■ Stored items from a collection
------------

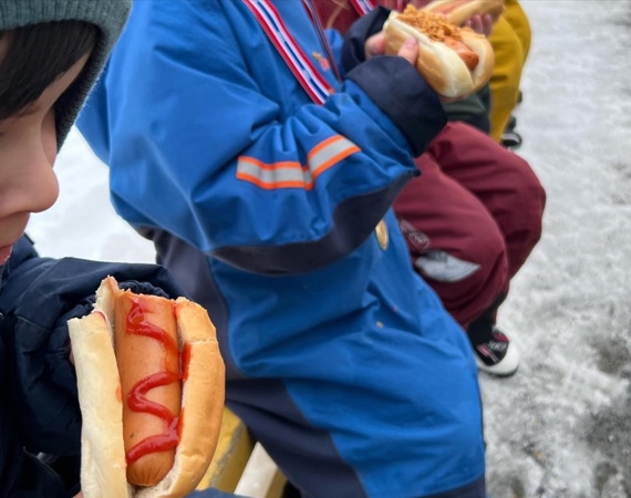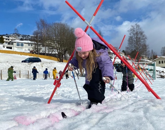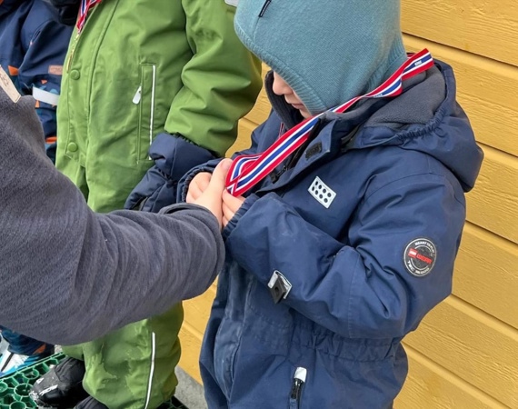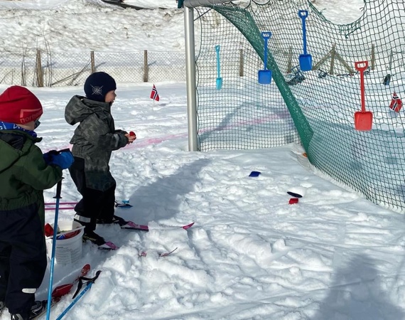 Denne dagen lager vi løype på leikeplassen der barna kan gå runde på runde på ski. Dei får prøve #hinderløype", "skiskyting med erteposer". Dersom snøforholda ligg til rette for det, lagar vi skihopp for dei som vil prøve det. Dei yngste barna er med og ser på, eller aker i barnehagen.
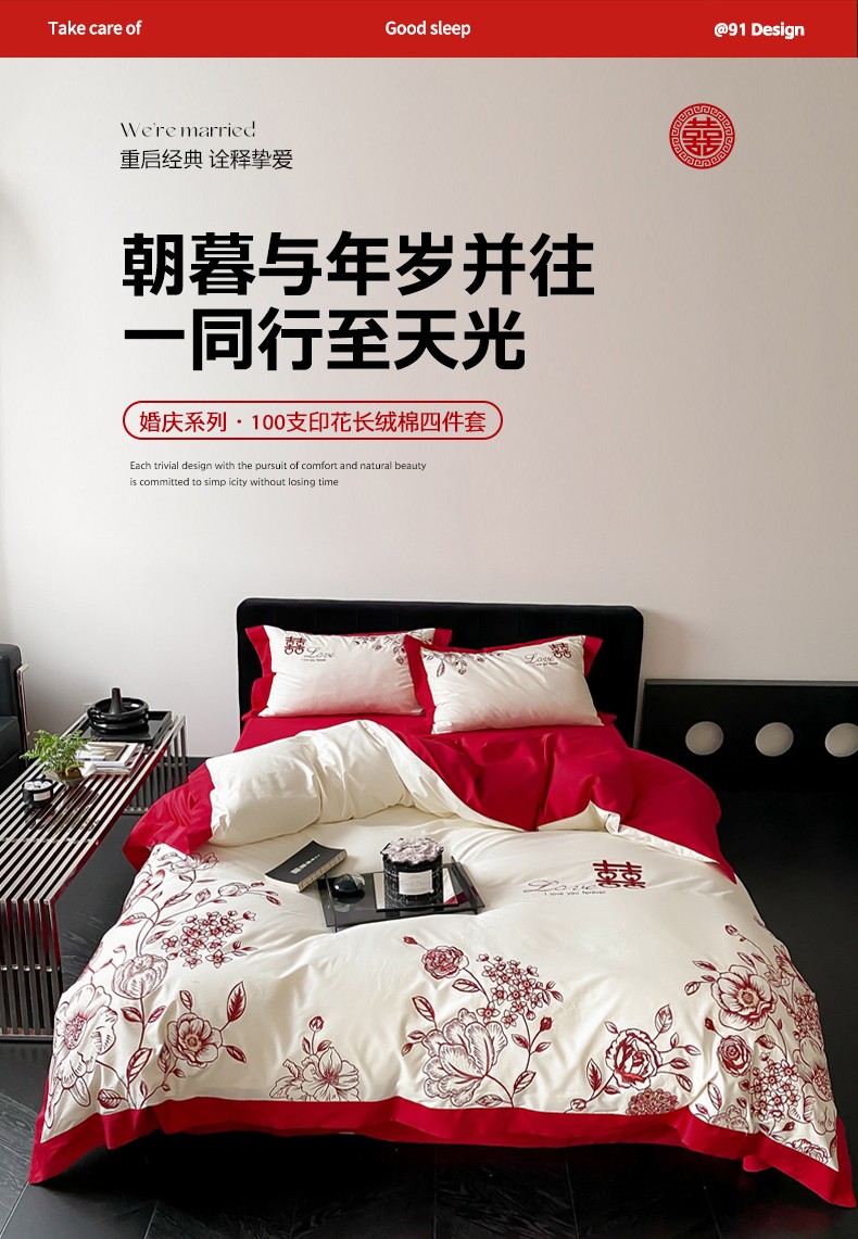 (总)用心 2022新款数码印花婚庆四件套-克里斯汀,克里斯汀
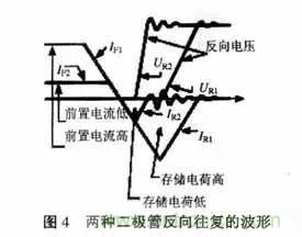圖4是存儲電荷高或低的兩種二極管電流、電壓波形。從圖中可以看出存儲電荷少時,反向電壓的斜率大,并且會產生有害的振動。而前置電流低則存儲電荷少,即在空載或輕載時是最壞條件。所以進行優(yōu)化驅動電路設計時應著重考慮前置電流低的情況,即空載或輕載的情況,應使這時二極管產生的振動在可接受范圍內。
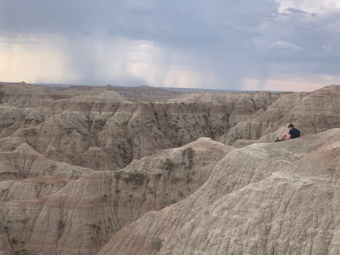 As we got closer to the Badlands, the topography started to change. Suddenly, there were rolling hills. We got to the Badlands visitor’s center 3 minutes before closing time. (I’ve been cutting it close with getting my Passport book stamped!) Y’all the Badlands are SO interesting. We got some good photos, but it’s so hard to capture the openness and vastness with a cell phone camera.
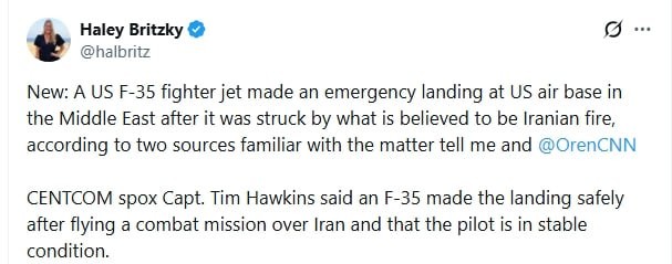 American media reported that the Iranian air defense was able to hit one of the American F-35 fighter jets, but it was able to reach the airfield.https://t.me/ImpNavigator/13451
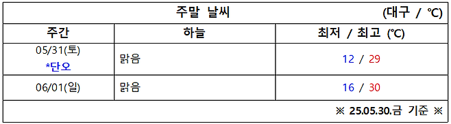 5월 5주 차 대구·경북 주말 ‘날씨 체크’
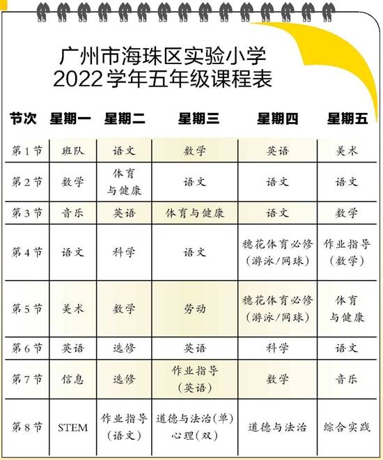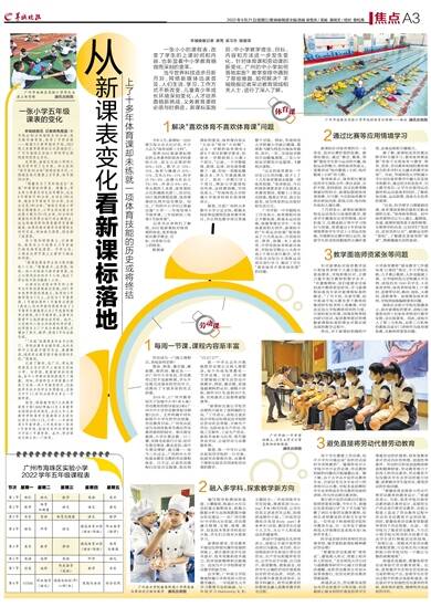记者了解到,在广州,学生课程表发生变化的不止海珠区实验小学。本学期,随着新课标的落地,各中小学都对课程表进行了调整。例如,华南师范大学附属小学除了安排一周4节体育课外,还鼓励学有余力的学生自愿报名,在每天中午11时35分放学后多上一节体育课。
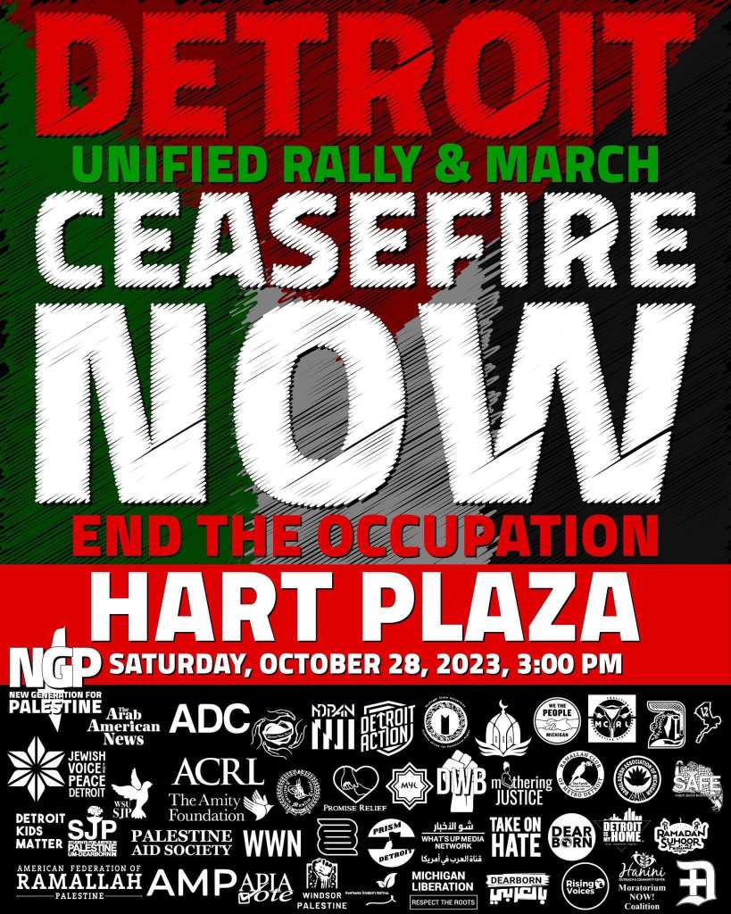 Categories Uncategorized Detroit, October 28, 2023: Rally & March for Palestine! End the U.S.-Israeli Occupation! Post author By wibailoutpeople Post date October 28, 2023 Share this: Click to share on X (Opens in new window) X Click to share on Facebook (Opens in new window) Facebook Like Loading... Related ← Milwaukee, October 28, 2023: Stop U.S. Intervention in Haiti! – Free Palestine! → Milwaukee: Banner Drops for Palestine!
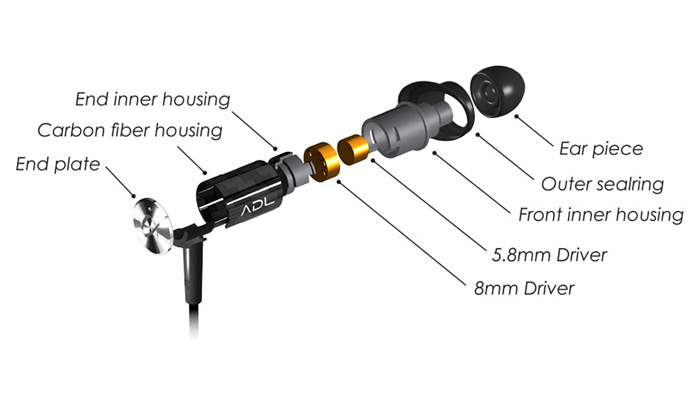 ADL by Furutech EH008 имеют двухполосную конфигурацию и оснащены парой динамических излучателей. Динамик диаметром 8 мм, смонтированный в отдельной камере, предназначен для воспроизведения низких частот. Перед ним установлен излучатель диаметром 5,8 мм для высоких частот. Такое решение обеспечило наушникам равномерный и насыщенный звук в широком диапазоне, не уступающий по качеству лучшим полноразмерным моделям. Излучатели подверглись криогенной обработке Alpha-Cryo для стабилизации их электромеханических характеристик.

------------

■ HOW TO COMPLETE THIS TASK
Nothing but an exact copy is asked for: the lines from the start of the records through the line with "圖4是存儲電荷高或低的兩種二", both ends included, minus any pictures.

■ ANSWER BELOW
 Denne dagen lager vi løype på leikeplassen der barna kan gå runde på runde på ski. Dei får prøve #hinderløype", "skiskyting med erteposer". Dersom snøforholda ligg til rette for det, lagar vi skihopp for dei som vil prøve det. Dei yngste barna er med og ser på, eller aker i barnehagen.
 (总)用心 2022新款数码印花婚庆四件套-克里斯汀,克里斯汀
圖4是存儲電荷高或低的兩種二極管電流、電壓波形。從圖中可以看出存儲電荷少時,反向電壓的斜率大,并且會產生有害的振動。而前置電流低則存儲電荷少,即在空載或輕載時是最壞條件。所以進行優(yōu)化驅動電路設計時應著重考慮前置電流低的情況,即空載或輕載的情況,應使這時二極管產生的振動在可接受范圍內。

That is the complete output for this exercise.